Family and friends are coming together, interested in investing and starting in limited-service hotels. High-speed rail going to every village helps, creating new potential demand.
Jihong He
Jihong said 2023 was a very strong recovery year in China,
where 9,000 hotels account for 80% of the company’s revenue. With the trend
still pointing up, the average RevPAR for 2023 beat 2019 by 20%, driven by ADR
gains because occupancy was not quite back to previous highs (81% in 2023 v 85%
in 2019).
Jihong add that there is increasingly strong demand from
lower tier cities in China. In fact, she said they were surprised by local
activity and demand in cities that previously never saw a chain hotel. “Locals
want to experience chain hotels,” she explained.
She also pointed to strong interest for development from
franchisees in third- and fourth-tier cities. “Family and friends are coming
together, interested in investing and starting in limited-service hotels” she
said. “High-speed rail going to every village helps, creating new potential
demand.”
Looking ahead, Jihong expects continued strong demand and rate
but warned about being careful with rate growth in limited-service hotels to
avoid curtailing demand. She also believes limited-service is still the biggest
growth opportunity and added that upper-upscale development is a coming trend.
Dillip Rajakarier, CEO, Minor Hotels and Group CEO, Minor
International, said he is waiting for more inbound traffic to Asia Pacific,
adding that China remains mostly a domestic market.

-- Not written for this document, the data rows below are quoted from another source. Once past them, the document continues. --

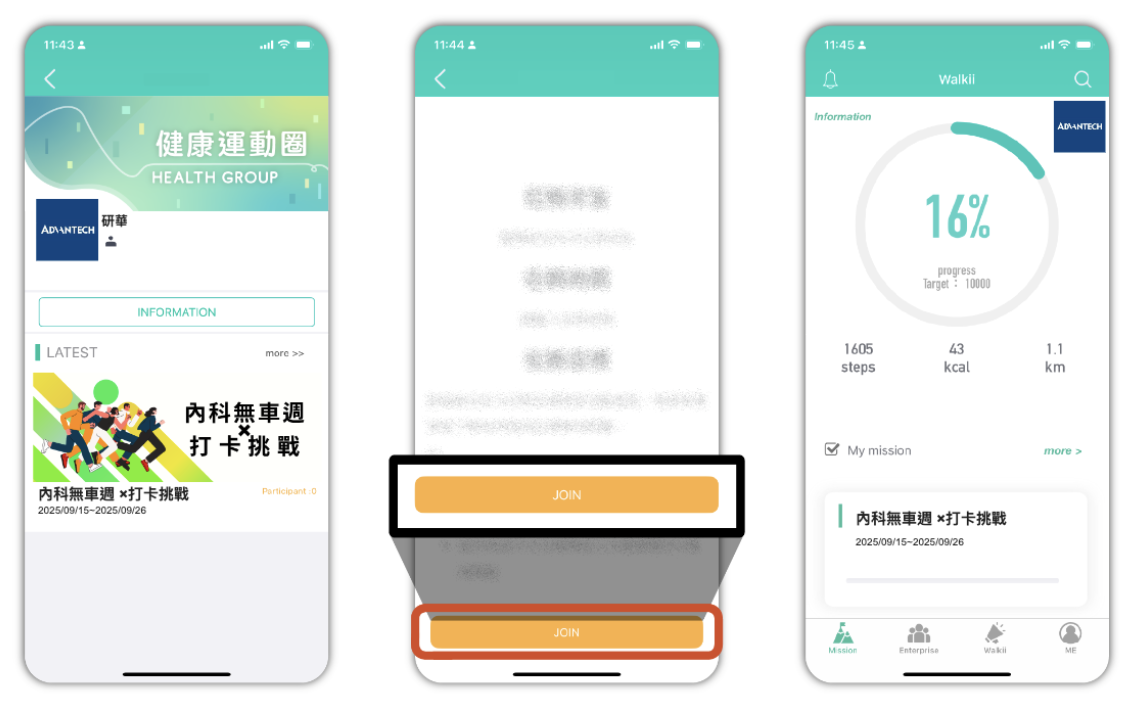 - 點入『內科無車週』任務卡,點選『我要參加』
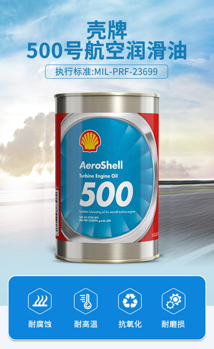 殼牌500航空渦輪發(fā)動(dòng)機(jī)潤(rùn)滑油(AeroShell Turbine Oil 500)的開發(fā)主要是為了滿足Pratt & Whitney 521 B型II和MIL-L-23699規(guī)范的要求,是適合于民用和軍用發(fā)動(dòng)機(jī)需要的這個(gè)類的潤(rùn)滑劑。
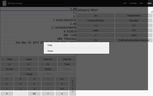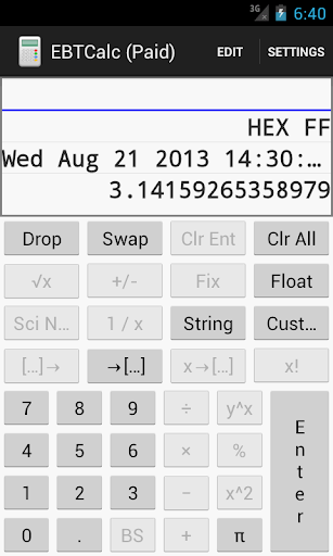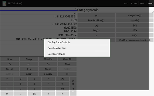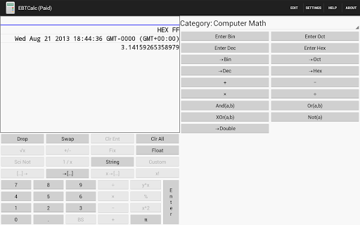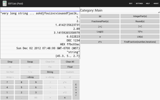 EBTCalc is the ultimate Reverse Polish Notation (RPN) calculator available for Android devices, from tiny phones to large tablets, and everything in between. EBTCalc is available in Free and Paid versions.
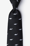 Did you know that sharks replace their teeth so often that they can actually lose almost 30,000 teeth over their lifetime? That's a lot of teeth, but don't worry, our soft microfiber ties don't bite. This men's necktie has a repeat pattern of white sharks woven onto a black background. Perfect for anyone!
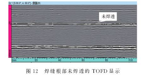 焊縫根部未焊(hàn)透的TOFD顯示如圖12所(suǒ)示,上端點出現較(jiao)直或圓弧狀斷續(xu)信号顯示,焊接接(jie)頭部位底波受到(dào)影響。
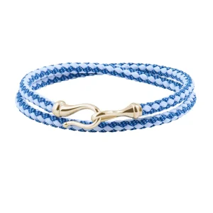 Fish Hook Blue and White Cotton Wrap Bracelet in Gold

More generally, he said Asia is performing very strong this
year with continued softness in outbound Chinese travel. “Japanese, Saudis,
Indians and Europeans are making up for the shortfall of outbound Chinese
travelers,” he added.

You can get a non-recourse loan for 0.55% [in Japan]. Even if you get a property yielding 4.5%, you still have a spread of 4%, which is really decent.
Peng Sum Choe
Rajakarier is very bullish on Minor’s Europe business and
growth as constrained air travel is still leading to more regional and short haul
trips.
Within Asia Pacific, he said traffic remains more regional due
to the lack of outbound Chinese travel, adding that Saudis are traveling a lot
more in Asia Pacific.
Peng Sum Choe, CEO of the Pan Pacific Hotels Group said he
is excited by the development prospects in Japan and Jakarta – Japan because of
the dip in the value of the yen and remaining low interest rates. “Tourism is
strong and which country can you find interest rate so low?” he said. “You can
get a non-recourse loan for 0.55%. Even if you get a property yielding 4.5%,
you still have a spread of 4%, which is really decent. Conversely, a hotel in
Sydney is yielding 6.5% to 7% but preferential interest is at 5.5%.”

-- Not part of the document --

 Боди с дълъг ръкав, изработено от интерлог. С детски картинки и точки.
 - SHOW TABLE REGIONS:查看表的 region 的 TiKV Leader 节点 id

Peng Sum added that Jakarta is growing, and he sees occupancy
stabilizing. “It’s the best kept secret market and we want to get in there,” he
said.
Daniel Aylmer, managing director and senior vice president
of Greater China for IHG Hotels & Resorts, said China is performing very
well and he is not sure if it is a result of revenge spending. “The challenge
is Tier 1 cities are not back anywhere near where we want them to be,” he said.

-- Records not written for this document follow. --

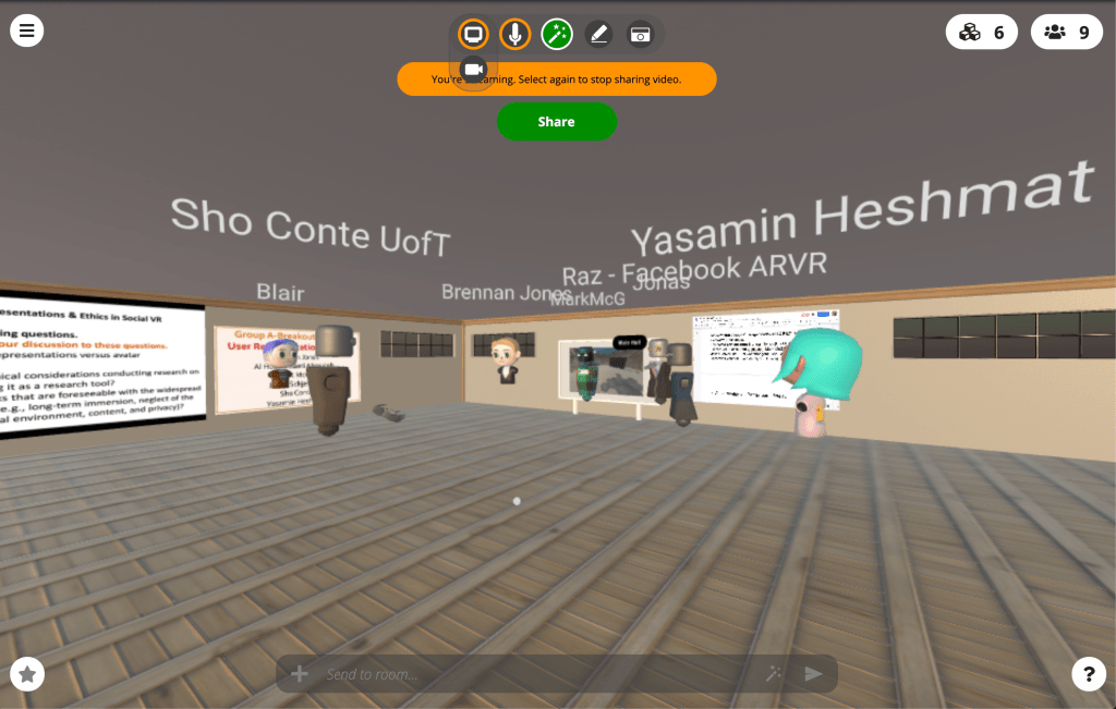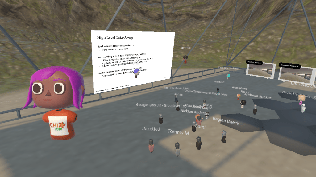 Each one of the three breakout group was also assigned a ‘host’ (ourselves) in order to take notes and help moderate discussions. Each breakout group were assigned one of three topics. In 2020, the subject topics were user representation & ethics, evaluation methods, and interaction techniques. In 2021, participants tackled social cues, interaction techniques and personal space & VE design.
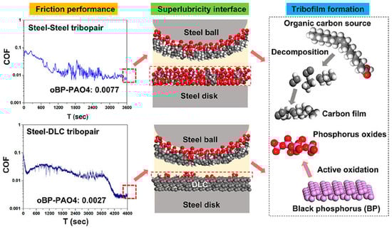 - Gao, K.; Bin, W.; Berman, D.; Ren, Y.; Luo, J.; Xie, G. Self-adaptive macroscale superlubricity based on the tribocatalytic properties of partially oxidized black phosphorus. Nano Lett. 2023, 23, 6823–6830. [Google Scholar] [CrossRef]
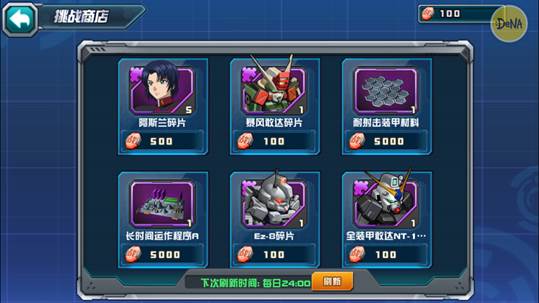 此外,远征币可以在“商店”兑换zz敢达碎片、捷多碎片、高级强化材料等。

“Long haul is not there yet as it’s quite costly for U.S. and European
travelers. Inbound travel, corporate and MICE to Tier 1 cities are key for RevPAR
growth.”
Domestically, China is showing tremendous demand, Aylmer
added. “We are confident and bullish in Greater China due to the economic
system that makes sense, population growth, the markets, the opportunities, and
under penetration of brands,” he said. “It is different than it was in 2018
with consumer, owners, markets – but there is so much opportunity there.”